The board of drinks giant SABMiller has backed an improved takeover offer from Budweiser brewer Anheuser-Busch InBev.

Shareholders in SABMiller will now receive £45 a share, up from its earlier offer of £44, valuing SABMiller at about £79 billion.

Investors had been mulling over the increased offer made on Tuesday triggered by the collapse in the value of the pound after the Brexit vote.

The pound has plunged in value versus the dollar since the June 23 vote, falling more than 10% to 1.31 US dollars.

The announcement comes after AB InBev cleared another major hurdle in its pursuit of the London-listed drinks firm after winning regulatory backing in China.

Jan du Plessis, chairman of SABMiller, said: "The board's decision was "difficult given changes in circumstances since the board originally recommended £44 per share in cash last November.

"At that time we were satisfied that the 50% premium to the undisturbed share price appropriately reflected the quality of the business and its long-term prospects.

"Since then, various factors have affected the value of the offer, most importantly the impact of the Brexit vote on the value of sterling and the re-rating of comparable companies.

"This has made the board's decision more challenging, and we believe the final cash consideration of £45 per share to be at the lower end of the range of values considered recommendable.

"In reaching its decision, the board has considered the best interests of the company as a whole and has taken into account all salient facts and circumstances."

The SABMiller board said it had also voted unanimously to propose that shareholders should be allowed to vote separately from investors Altria and BEVCO.

A date has yet to be set for shareholders to vote on the board's recommendation.

Concerns about the deal have been raised by investors, such as Elliott Management, Davidson Kempner Capital Management and Aberdeen Asset Management.

However, other shareholders, including New York-based investment management firm Twin Capital Management, want the takeover to go through.
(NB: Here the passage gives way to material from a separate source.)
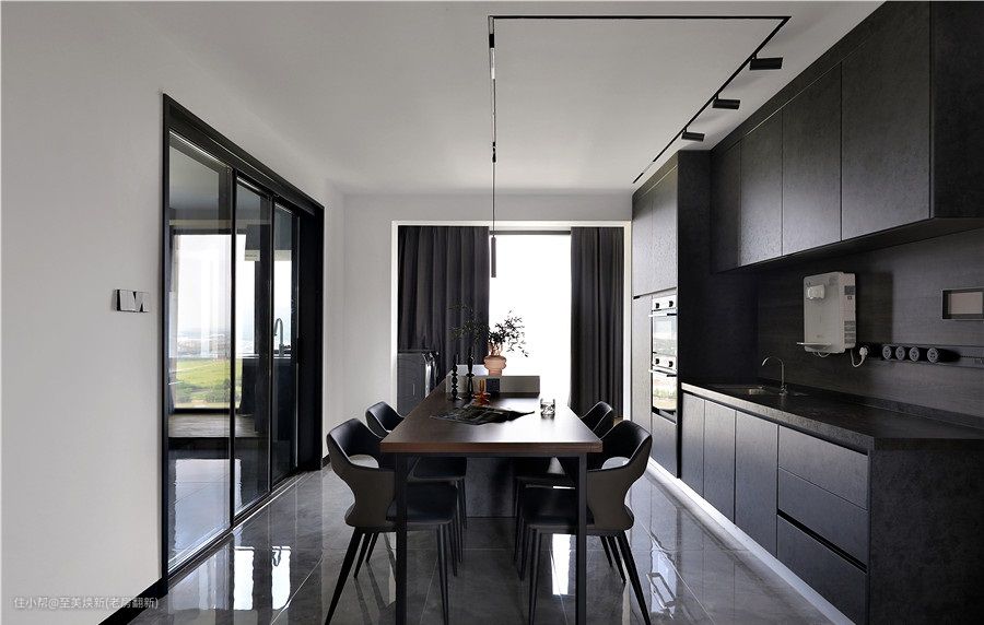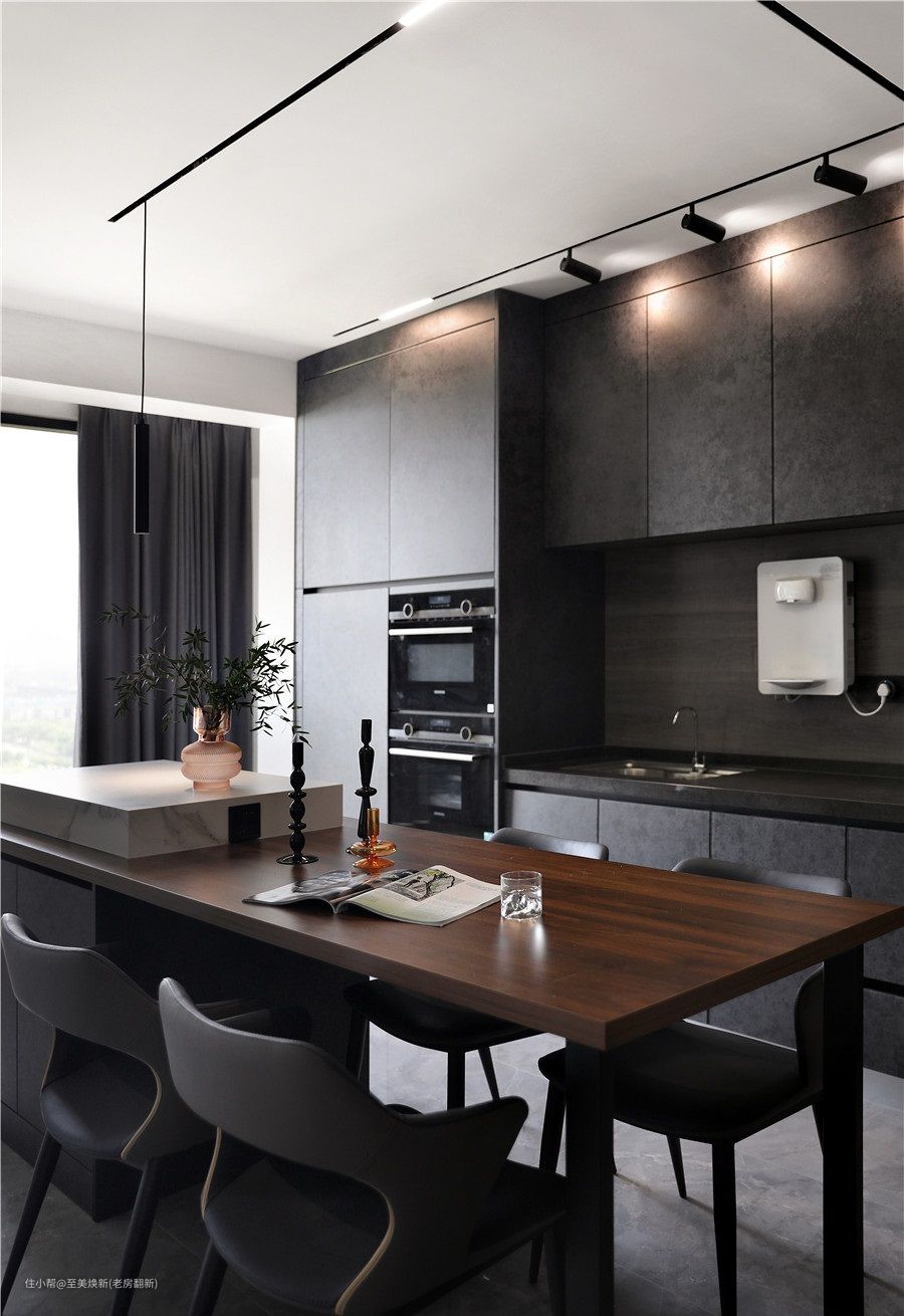 一整面墙的餐边柜超级有整体感,深色色系+轨道射灯的运用显得很高级,很多厨房电器都可以嵌入柜体,非常实用!

The recommendation comes as the takeover approach was given the green light by China's Ministry of Commerce after the Belgian brewer agreed to sell SABMiller's 49% stake in China Resources Snow Breweries to China Resources Beer.

It means the firm's swoop has now been approved in 23 jurisdictions worldwide, satisfying all pre-conditions of the deal.
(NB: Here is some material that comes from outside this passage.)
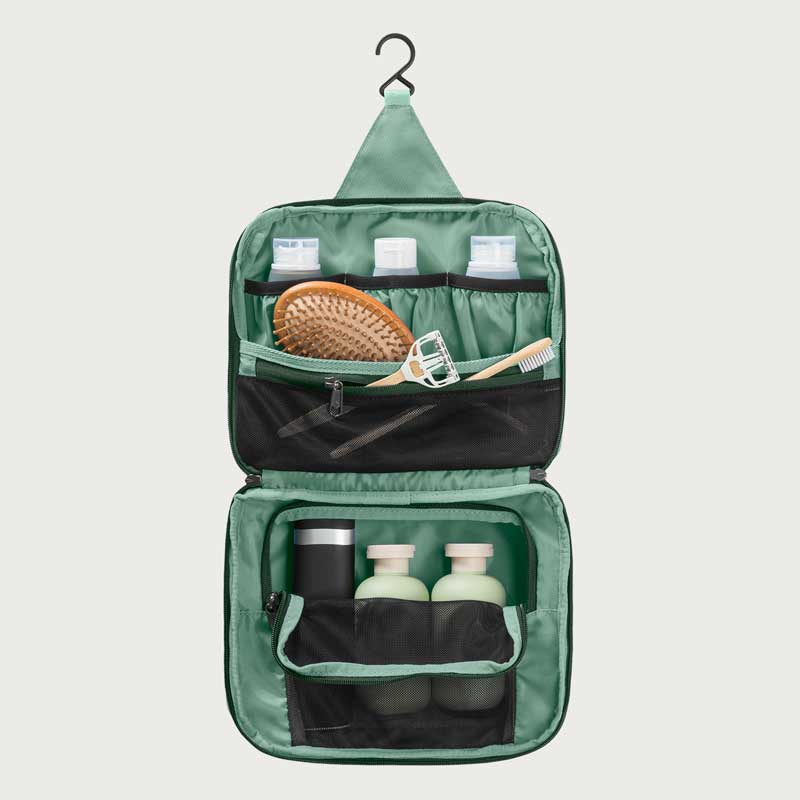 パックイット ハンギング・トイレトリー・キットは、洗面用具を整理し見つけやすく、手に取りやすくします。伸縮性のあるポケットとジッパー付きポケットがボトルをしっかり固定し、2つのコンパートメントが中身を分けて収納します。100%リサイクルの耐水性生地は、水しぶきから保護し、歯磨き粉やローションを早く片付ける事が出来ます。

The company said it is still aiming to complete the mega-merger to create the world's biggest drinks firm by the end of this year.

AB InBev reported a 4.3% rise in operating profits for the second quarter to 4.01 billion US dollars (£3.04 billion) following strong sales of Budweiser, Corona and Stella Artois.

It said the three brands saw revenue growth of 8.4% over the period, with Corona alone notching up a 13% rise compared to the second quarter of last year.

AB InBev, the world's largest brewer, has already moved to sell SABMiller's Peroni, Grolsch and Meantime brands to Japanese firm Asahi. It has also signalled its intent to sell SABMiller's businesses in central and eastern Europe.

SAB employs around 69,000 people in more than 80 countries and has global annual sales of more than 26 billion US dollars (£18 billion).